You can refer to the previous round of interview experience,This round also ended well. The interviewer was Chinese, and after a brief self-introduction, we moved into behavioral questions. They mainly drilled into my résumé: briefly describe your internship projects, what you learned from them, what the most challenging project was, how team communication was handled within the project, what role you played, etc. I talked about these for around 20 minutes. After that, we moved on to the coding part.
Coding:
Select a subset of videos such that the sum of the durations of any two consecutively selected videos does not exceed the user’s attention span, and maximize the total watch time.
Approach:
Use dynamic programming. Let dp[i][last] represent the maximum total watch time considering the first i videos, where the last selected video has index last.
If we don’t choose the current video:
dp[i][last] = dp[i - 1][last]
If we choose the current video and the sum of its duration with the previous selected one is ≤ attention span:
dp[i][i] = dp[i - 1][last] + duration[i]
Take max(dp[n][*]) as the result.
The follow-up question was how to handle the case where repeated viewing of the same video is allowed. The state transition needs an additional branch for repeated selections, but this may introduce cycles, so limits must be imposed.
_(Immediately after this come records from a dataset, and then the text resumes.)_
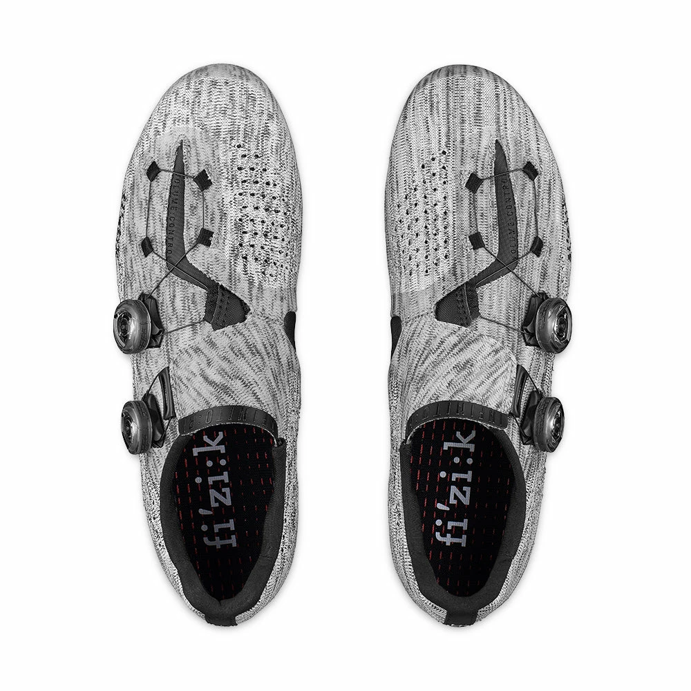 Das Obermaterial des fizik Knit ist traditionellen Obermaterialien aus Gewebe oder Mikrofaser einen Schritt voraus. Diese Oberteile werden mit elektronischen Strickmaschinen hergestellt, die Garnschlingen auf Nadeln miteinander verbinden und die Garnrichtung des Stoffes nahtlos Ă€ndern können, um unterschiedliche Maschenmuster zu erzeugen. Dadurch können ausgeprĂ€gte Funktionszonen entworfen und geschaffen werden, wobei in SchlĂŒsselbereichen wie LĂŒftungsschlitzen und Mesh-Ăffnungen eine verbesserte AtmungsaktivitĂ€t im Vordergrund steht. Die zusĂ€tzliche wasserabweisende Behandlung schĂŒtzt vor Regen und Spritzwasser. Um eine effiziente KraftĂŒbertragung auf die Pedale zu gewĂ€hrleisten, wurden gezielte Bereiche aus wĂ€rmeverschmolzenem PU integriert, um dort UnterstĂŒtzung fĂŒr den FuĂ zu bieten, wo Sportler sie am meisten benötigen. Diese Konstruktion gewĂ€hrleistet, dass der Schuh gut belĂŒftet und auĂerdem extrem leicht ist und das bei der gleichen UnterstĂŒtzung und Treteffizienz wie ein herkömmlich gefertigter Radschuh.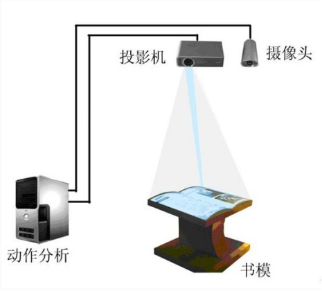 投影機(jī)將畫面投射到一本書的模型上,觀眾能看到一本書打開的樣子。通過兩個(gè)按鈕,觀眾可以選擇書的內(nèi)容,書的內(nèi)容及時(shí)通過投影機(jī)投射出來,觀眾站在書模型前做揮手動(dòng)作時(shí),翻書感應(yīng)器檢測出揮手的方向,計(jì)算機(jī)立即控制圖書翻頁,既可以向前翻也可以后翻,翻頁的同時(shí)可伴隨音效。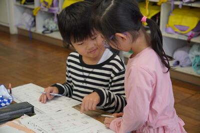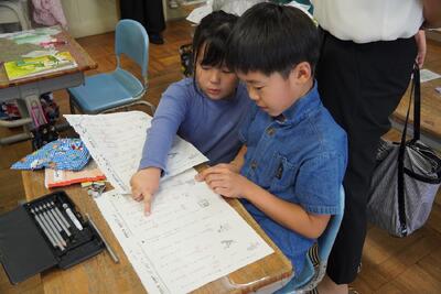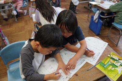 「ことばをたのしもう」を音読したり「は・を・へ」を正しく使えるか、プリントを使って友だちと話し合って確認したりしました。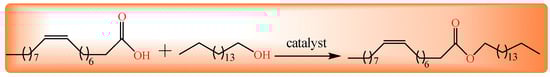 Wax esters are long-chain esters of alcohols and fatty acids with more than 12 carbon atoms [1]. Due to their non-toxic properties, biodegradability and excellent wetting behaviors in interfaces, wax esters (including solid wax esters and liquid wax esters) have been applied in the cosmetic, pharmaceutical, and lubricant industries [2,3,4,5]. Natural sources of liquid wax esters range from animals to plants, such as sperm whales and jojoba oil [6]. After the global ban to stop whaling, jojoba oil became the primary natural source for liquid wax esters [7]. However, the main limitations to the use of jojoba oil are its cost and availability [8]. Therefore, it is highly desirable to synthesize liquid wax esters as jojoba oil analogues for various industry applications.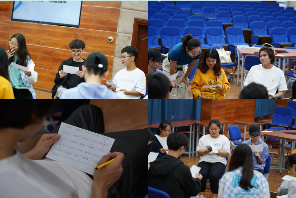 活动开始,各个成员围坐一圈,符老师通过“大风吹”、“我与你志趣相投”两个活动让同学们放松身心、彼此熟悉,使同学们能以更积极的状态投入到活动中。接着,通过“心情晴雨表”帮助同学们梳理最近一周的心情,进而引导同学们学会觉察自己的情绪,并学会去发掘之所以产生负面情绪那没被满足的背后需求是什么。

TikTok is very familiar with this format — you only move on to the next round after passing the previous one. Their process is quite fast; usually they notify you the next day. Many of my peers who I’ve been helping mock interviews for also passed rounds 1 and 2. If you’re unsure about TikTok interviews, prepare in advance: the whole process includes BQ, coding, clarifications, walking through your approach, comments, follow-ups, etc. Speed is usually not an issue. Recently Google, Stripe, TikTok, Uber and a few others have been interviewing quite frequently.